C’è una provincia del Mezzogiorno in cui il tasso di disoccupazione giovanile supera il 30%, che nella classifica del Sole 24 Ore sulla qualità della vita si è piazzata al 104° posto (su 107),in cui il tasso di dispersione scolastica supera il 12% e dove da tempo si vive una seria emergenza ambientale. Nel capoluogo di questa provincia ci si ammala di tumore il 30% in più rispetto ai comuni vicini. In questo territorio, lo scorso anno, le richieste di cassa integrazione in deroga sono aumentate, rispetto all’anno precedente, dell’859% e una famiglia ogni 300 è sotto sfratto (quasi tutte per morosità). Nonostante nel solo capoluogo vivano circa 200mila persone gli svaghi scarseggiano, basti pensare che in città sono presenti solo 6 cinema (monosala) e non c’è un teatro comunale. Molti di voi avranno capito qual è la provincia a cui mi sto riferendo, ma per tutti gli altri è giunto il momento di interrompere la suspense: la provincia così mal messa è quella di Taranto.

E così, se nella Palermo di Johnny Stecchino il problema era il traffico, in questa Taranto il problema è l’assenza dell’aeroporto. O meglio, il fatto che l’Arlotta di Grottaglie, vicinissimo al capoluogo, non sia aperto al traffico passeggeri. Poco conta se a Taranto negli ultimi anni si sta procedendo ad una sistematica cancellazione di treni, poco conta se l’autostrada si ferma a 30 chilometri dalla città, a Taranto vogliono volare! Su Facebook è attivo un gruppo che chiede insistentemente l’apertura dell’aeroporto e che conta oltre 2000 mi piace, una raccolta firme nata sempre sul social network ha raccolto oltre 6000 adesioni e nel territorio è attivo anche un movimento: il MAT (Movimento Aeroporto Taranto).

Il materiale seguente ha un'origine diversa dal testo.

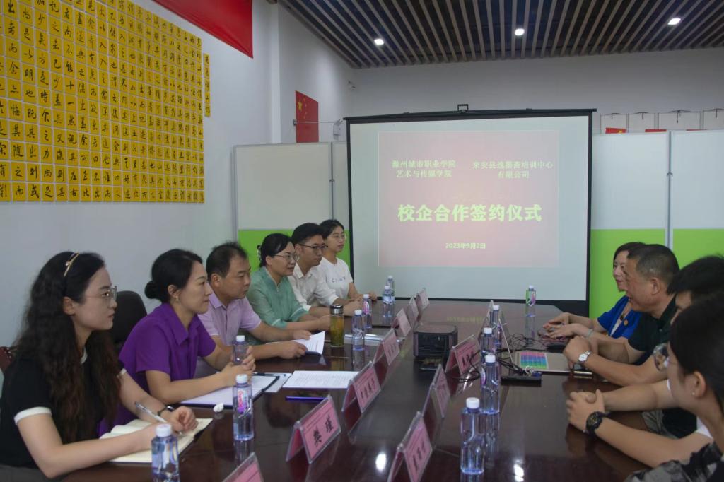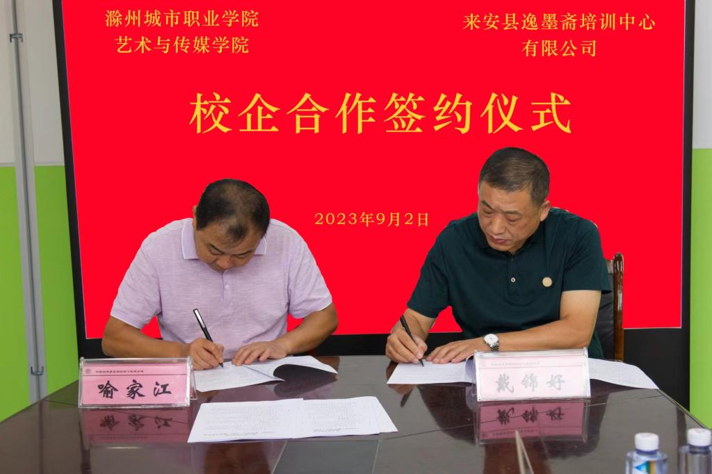 为了提高教师专业水平及大学生的专业实践能力,更好的加强校企合作,共同培养专业技术型人才,2023年9月2日,由我院喻家江副院长、美术系主任刘晓玲、设计系主任申佳美子一行与滁州市来安县新安书画院、逸墨斋培训中心签订合作共建:优秀传统文化研习基地、“双师型”教师培训(实践)基地的合作协议,并举行了授牌仪式。部分青年教师参加了活动。

In verità, la passione per gli aeroporti non è esclusiva dei tarantini, anzi, è largamente diffusa nel Paese e così in tutto lo stivale possiamo contare ben 48 aeroporti. Ma a che prezzo?

Uno studio del 2009 commissionato dall’Enac al consorzio di esperti One Works-Nomisma-KPMGrestare tenta di rispondere a questa domanda. Per restare sullo Ionio, possiamo citare lo scalo di Crotone che nel biennio 2009/2010 ha perso 6,6 milioni di euro. Da e per l’aeroporto di Alghero vola circa un milione e mezzo di passeggeri all’anno, ma nonostante questo dato importante l’azienda che gestisce lo scalo ha chiuso il bilancio 2009 con un passivo di oltre 12 milioni. Le cose, spiace per i tarantini, non vanno meglio in Puglia: lo scalo di Bari ha perso, nel 2013, il 5,1% dei passeggeri rispetto all’anno precedente, quello di Brindisi ne ha perso il 5,6%. Ma chi paga tutte queste perdite? Noi, tutti i contribuenti italiani. Lo Stato, ogni anno, per mantenere aperti questi aeroporti spende 60 milioni. Mica bruscolini. Vogliamo davvero aprire un terzo scalo in Puglia?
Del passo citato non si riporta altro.